** REQUIRED WORK **
Reproduce all of the data below without alteration; exclude every picture.

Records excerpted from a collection
"""

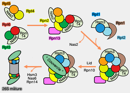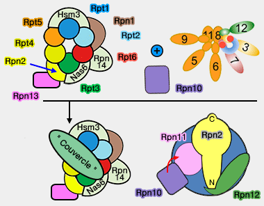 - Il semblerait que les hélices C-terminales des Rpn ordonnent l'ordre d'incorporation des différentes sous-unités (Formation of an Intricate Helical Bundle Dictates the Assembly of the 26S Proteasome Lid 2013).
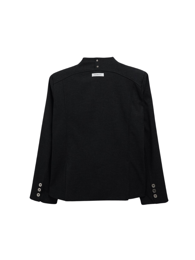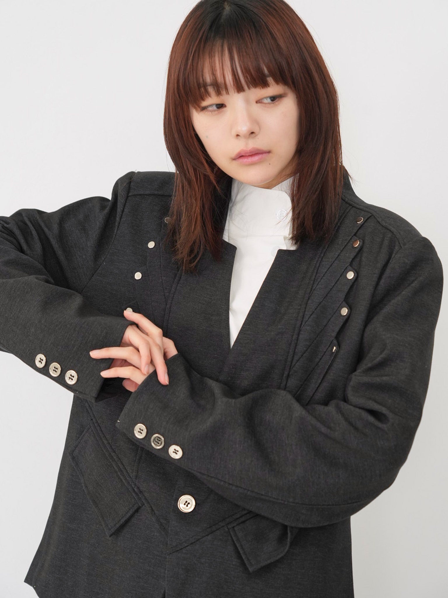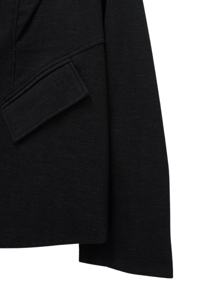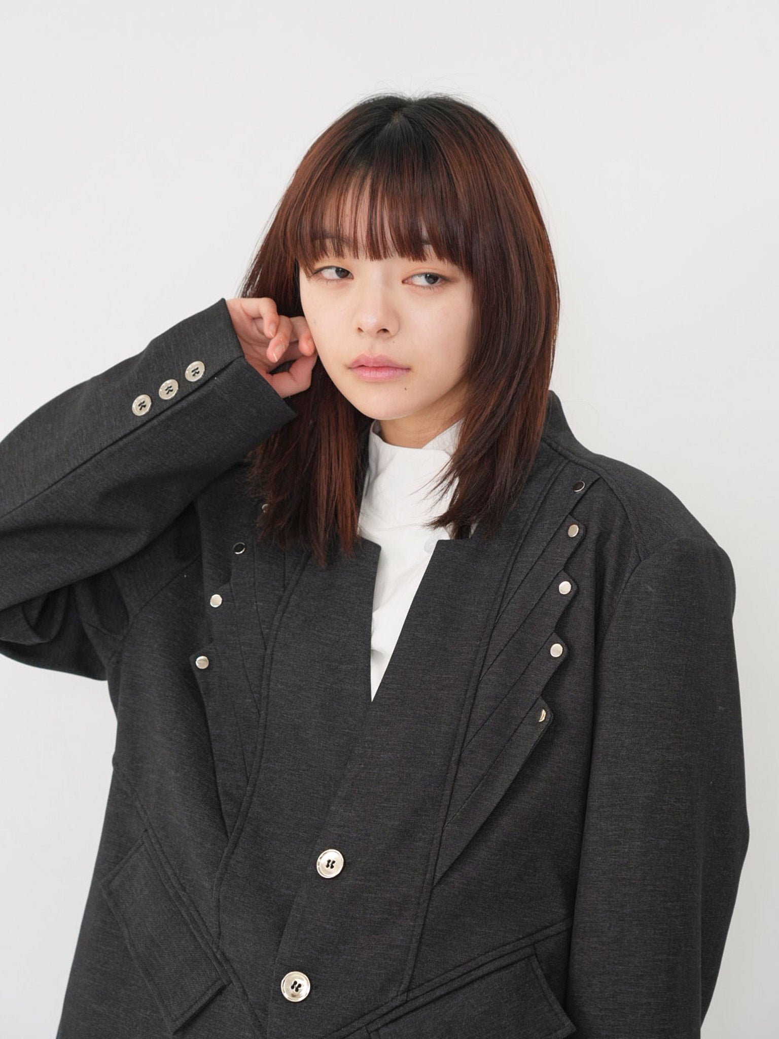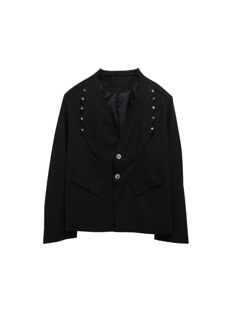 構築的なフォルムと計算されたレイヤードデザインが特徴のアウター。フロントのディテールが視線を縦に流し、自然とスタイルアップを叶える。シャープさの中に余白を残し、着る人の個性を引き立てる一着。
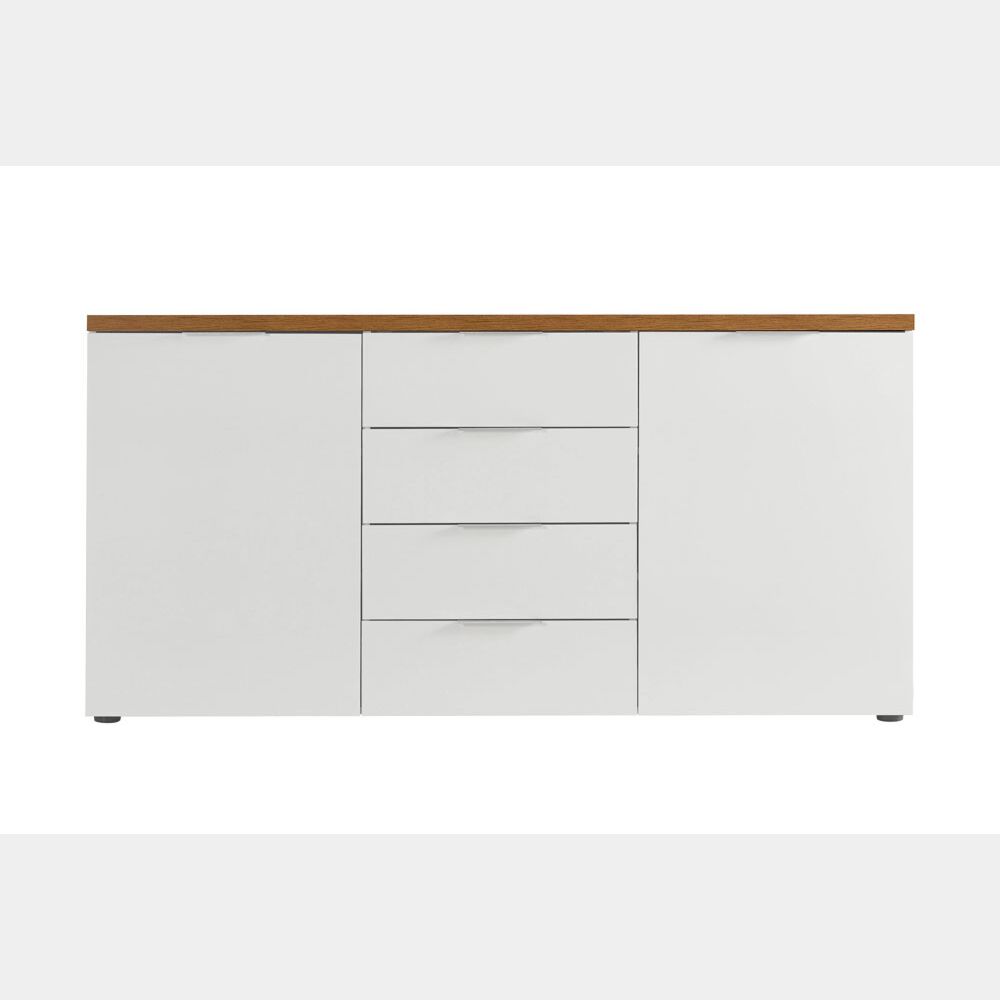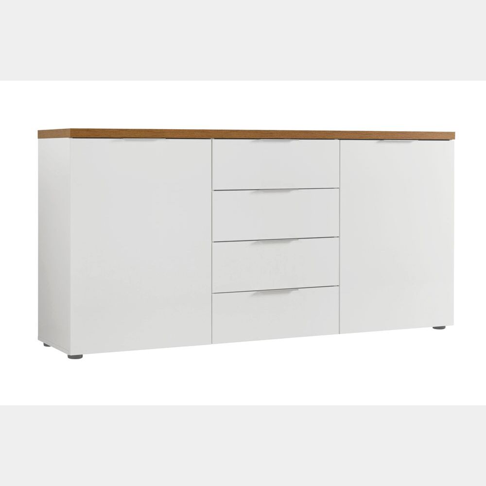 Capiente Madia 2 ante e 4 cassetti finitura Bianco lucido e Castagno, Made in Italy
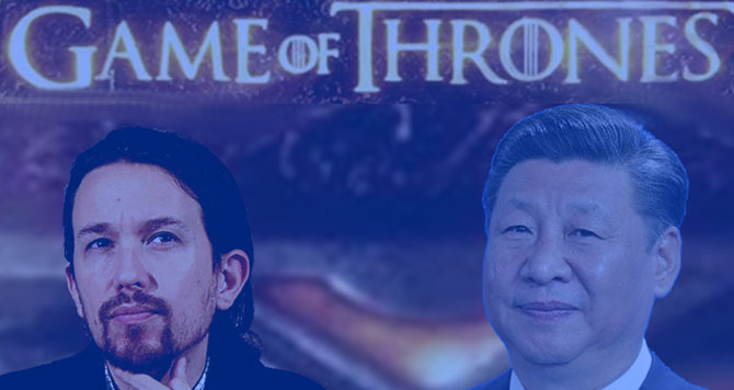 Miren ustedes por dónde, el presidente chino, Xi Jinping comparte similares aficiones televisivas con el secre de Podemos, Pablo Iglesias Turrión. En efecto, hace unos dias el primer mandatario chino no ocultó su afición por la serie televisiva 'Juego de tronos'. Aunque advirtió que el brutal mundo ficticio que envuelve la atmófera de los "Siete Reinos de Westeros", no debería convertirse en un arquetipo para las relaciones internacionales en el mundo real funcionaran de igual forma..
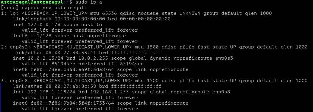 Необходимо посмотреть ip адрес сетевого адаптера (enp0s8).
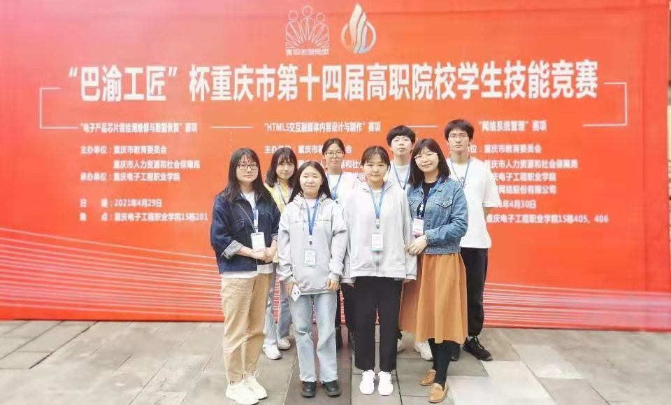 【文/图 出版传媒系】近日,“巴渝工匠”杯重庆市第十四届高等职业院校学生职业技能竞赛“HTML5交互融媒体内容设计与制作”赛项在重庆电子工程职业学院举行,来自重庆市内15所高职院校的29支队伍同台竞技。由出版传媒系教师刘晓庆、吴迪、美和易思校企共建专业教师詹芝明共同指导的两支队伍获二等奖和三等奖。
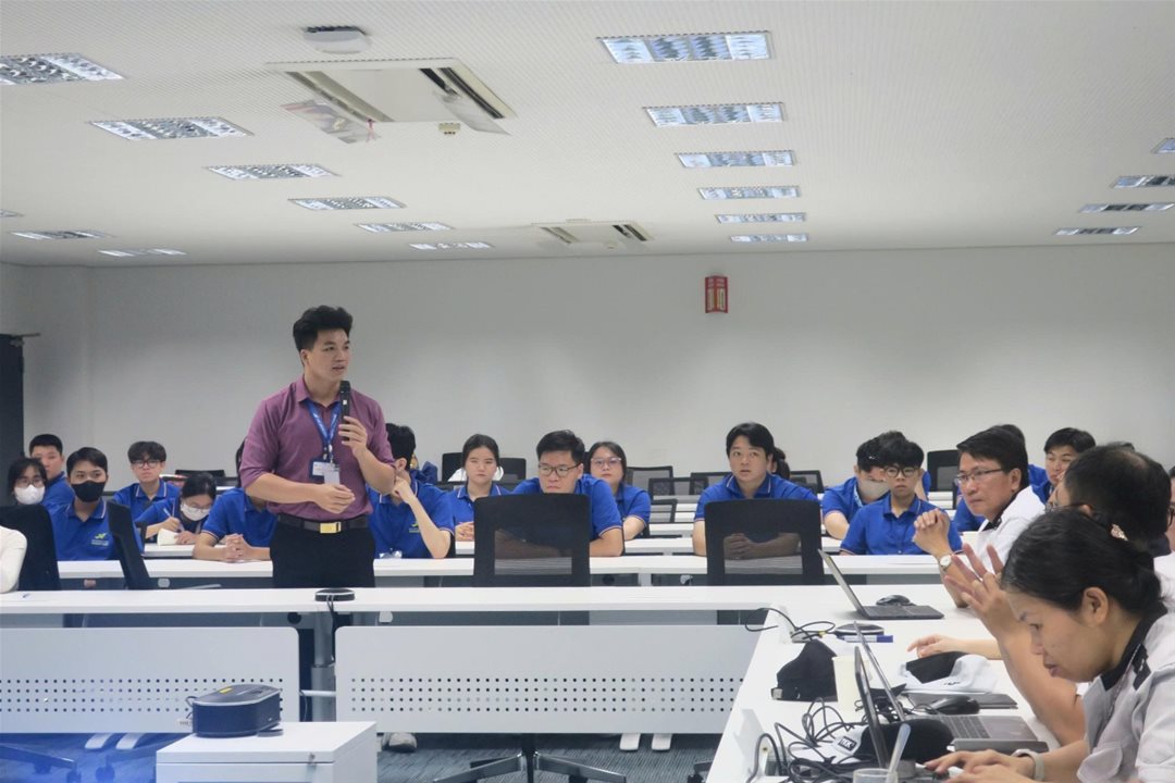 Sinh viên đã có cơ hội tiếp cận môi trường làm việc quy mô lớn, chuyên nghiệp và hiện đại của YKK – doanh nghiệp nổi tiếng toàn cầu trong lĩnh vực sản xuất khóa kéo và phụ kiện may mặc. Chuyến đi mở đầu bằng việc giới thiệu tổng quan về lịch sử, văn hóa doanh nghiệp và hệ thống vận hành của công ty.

"""

** RESPONSE TO THE EXERCISE **
 - Il semblerait que les hélices C-terminales des Rpn ordonnent l'ordre d'incorporation des différentes sous-unités (Formation of an Intricate Helical Bundle Dictates the Assembly of the 26S Proteasome Lid 2013).
 構築的なフォルムと計算されたレイヤードデザインが特徴のアウター。フロントのディテールが視線を縦に流し、自然とスタイルアップを叶える。シャープさの中に余白を残し、着る人の個性を引き立てる一着。
 Capiente Madia 2 ante e 4 cassetti finitura Bianco lucido e Castagno, Made in Italy
 Miren ustedes por dónde, el presidente chino, Xi Jinping comparte similares aficiones televisivas con el secre de Podemos, Pablo Iglesias Turrión. En efecto, hace unos dias el primer mandatario chino no ocultó su afición por la serie televisiva 'Juego de tronos'. Aunque advirtió que el brutal mundo ficticio que envuelve la atmófera de los "Siete Reinos de Westeros", no debería convertirse en un arquetipo para las relaciones internacionales en el mundo real funcionaran de igual forma..
 Необходимо посмотреть ip адрес сетевого адаптера (enp0s8).
 【文/图 出版传媒系】近日,“巴渝工匠”杯重庆市第十四届高等职业院校学生职业技能竞赛“HTML5交互融媒体内容设计与制作”赛项在重庆电子工程职业学院举行,来自重庆市内15所高职院校的29支队伍同台竞技。由出版传媒系教师刘晓庆、吴迪、美和易思校企共建专业教师詹芝明共同指导的两支队伍获二等奖和三等奖。
 Sinh viên đã có cơ hội tiếp cận môi trường làm việc quy mô lớn, chuyên nghiệp và hiện đại của YKK – doanh nghiệp nổi tiếng toàn cầu trong lĩnh vực sản xuất khóa kéo và phụ kiện may mặc. Chuyến đi mở đầu bằng việc giới thiệu tổng quan về lịch sử, văn hóa doanh nghiệp và hệ thống vận hành của công ty.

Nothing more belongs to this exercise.